The regenerated files are written under `outputs/`. The copies used for the
paper are stored under `data/`, `results/`, `figures/`, and `latex/`.

## Tables and Figures

The full experiment script regenerates the aggregate metrics, error-type recall
metrics, PNG figures, and LaTeX tables. The included tables are:

- `latex/main_results_table.tex`
- `latex/error_recall_table.tex`

The included PDF figures are:

- `figures/invalid_recall_by_verifier.pdf`
- `figures/recall_by_corruption_type.pdf`

## Paper-Result Mapping

- Table 2 comes from `results/aggregate_metrics.csv`.
- Table 3 comes from `results/error_type_recall.csv`.
- Figure 1 comes from `figures/`.
- Appendix B comes from `llm_pilot/pilot_summary.json`.

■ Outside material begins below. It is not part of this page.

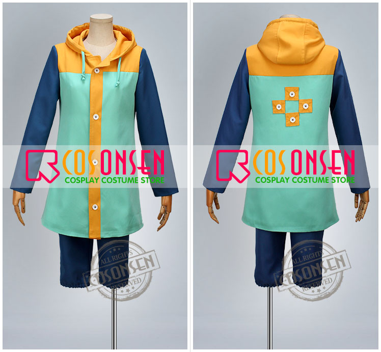 紺色、黄色と緑三色を基調したポリ混紡生地と厚手ポリ混紡生地にて製作します。袖の部分はポリ混紡生地製、他の部分は厚手ポリ混紡生地で製作されております。帽子も付き、背面にも四つの正方形の飾りがあって、元絵を完璧に再現しました。
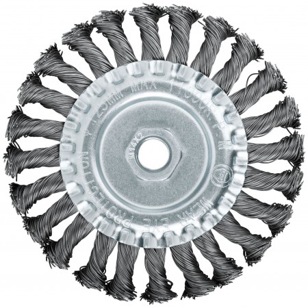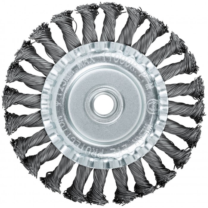 Тип «Колесо», гайка М14. Для УШМ. Витая стальная проволока. Материал: инструментальная сталь. Упаковка: картонная коробка.

The controlled benchmark contains 500 synthetic biomedical problems and 3,000
candidate solutions. It is deterministic under seed 42.

## LLM Pilot

The `llm_pilot/` directory contains the sampled problem identifiers, scored
outputs, manual-review flags, and pilot summary used for Appendix B. Raw API
responses are excluded to keep the supplement minimal and double-blind safe.
The scored outputs and summary are sufficient to inspect the reported pilot
counts.

Key files:

- `llm_pilot/sampled_problems.csv`
- `llm_pilot/scored_llm_outputs.csv`
- `llm_pilot/manual_review_needed.csv`
- `llm_pilot/pilot_summary.json`

The LLM pilot was a naturalistic check of final-answer parsing and verification;
it is not required to reproduce the controlled benchmark tables.

## Notes

BioDimBench is a synthetic, template-based benchmark. The controlled
corruptions isolate arithmetic, formula, unit, conversion, and plausible-scalar
wrong-unit failures. This design supports deterministic verification experiments
but does not claim clinical validity.